BOOGENS, THE (director: James L. Conway; screenwriters: story by Tom Chapman & David O'Malley/David O'Malley/Bob Hunt; cinematographer: Paul Hipp; editor: Michael Spence; music: Bob Summers; cast: Fred McCarren (Mark Kinner), Rebecca Balding (Trish Michaels), Anne-Marie Martin (Jessica Ford), Jeff Harlan (Roger Lowrie), John Crawford (Brian Deering), Med Flory (Dan Ostroff), Jon Lormer (Greenwalt, the old man), Scott Wilkinson (Deputy Blanchard), Marcia Reider (Martha Chapman), Peg Stewart (Victoria Tusker); Runtime: 95; MPAA Rating: R; producer: Charles E. Sellier Jr.; VCI Home Video; 1981)

 
"At best, it's a so-so horror pic."

Reviewed by Dennis Schwartz 

The title refers to a term once used by miners to describe the fear some would experience while in the depths of a mine for long periods. Long-time TV director James L. Conway ("Hangar 18") keeps the horror pic in familiar 1980's youth scare/slasher pic territory, as an old-fashioned horror pic with the usual fright scenes. It's set in the wintry locale of the Colorado Rockies. It's based on the story by Tom Chapman & David O'Malley, and is written by David O'Malley and Bob Hunt. The film's claim to fame was that it was endorsed by best-selling horror novelist Stephen King, who praised it in Twilight Zone Magazine as "a wildly energetic monster movie." I wouldn't take too much stock in that recommendation. At best, it's a so-so horror pic. Its plot has more holes in it than Swiss cheese, and though well-crafted the dull story has little imagination and the girlie scream shots could have been more piercing.

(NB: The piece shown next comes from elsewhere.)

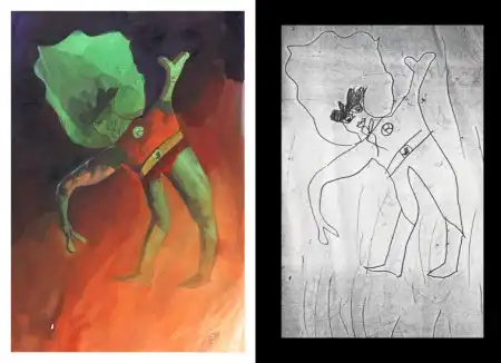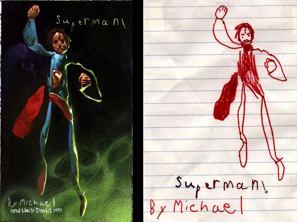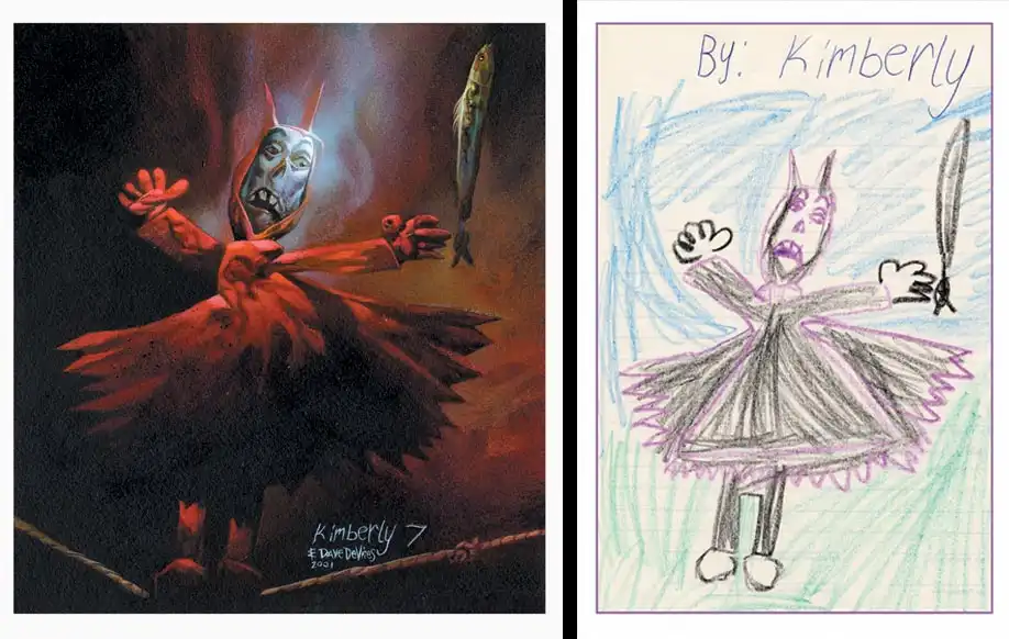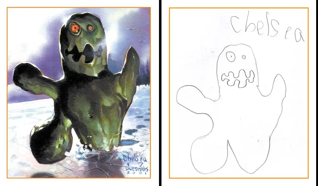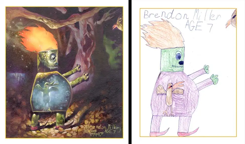 Художника зовут Dave Devries, его проект скромно зовется The Monster Engine. Ему в голову пришла гениальная идея "дорисовывать" детские каракули... Смотрим, что из этого получилось! На мой взгляд, весьма необычно, и совсем не по-детски...

Recent bright-eyed college grads, the boastful Roger (Jeff Harlan) and the more reserved Mark (Fred McCarren), get jobs for some quick cash and experience before embarking on their serious careers. They work for a mining company in Silver City, at a Colorado Rocky mine that started the boom town in the late 19th century when silver was discovered there. The abandoned mine is being reopened after being closed since 1912, some seventy years ago, because of a suspicious cave-in. All the miners were killed but for one, who went insane as no one believed him when he claimed the mine was attacked by scaly monsters. The boys work with two veteran miners, Dan (Med Flory) and Brian (John Crawford), to make their way down a rundown shaft to address what repairs are needed to make the mine safe to function again.

Roger's cowboy hat wearing girlfriend Jessica (Anne-Marie Martin, Michael Crichton's ex-wife) joins the boys in a rustic cabin they rented and brings along from Pennsylvania her pet poodle Tiger (good for some comic relief) and her charming wannabe journalist coed girlfriend Trish (Rebecca Balding), who scored a gig as a journalist with the Denver Post and has come here to be a blind date for Mark. The running gag is that Roger and Jessica are sex freaks, who if they had their own way would stay in bed all the time.

The crew opens up the abandoned silver mine, even when the creepy elderly son (Jon Lormer) of the madman miner survivor warns them this would be a big mistake by writing death in red on the mine's entrance. By accident the crew releases the killer monsters that were imprisoned there: gigantic scaly, turtle-like creatures with sharp teeth and bug's eyes, that go on a killing rampage. 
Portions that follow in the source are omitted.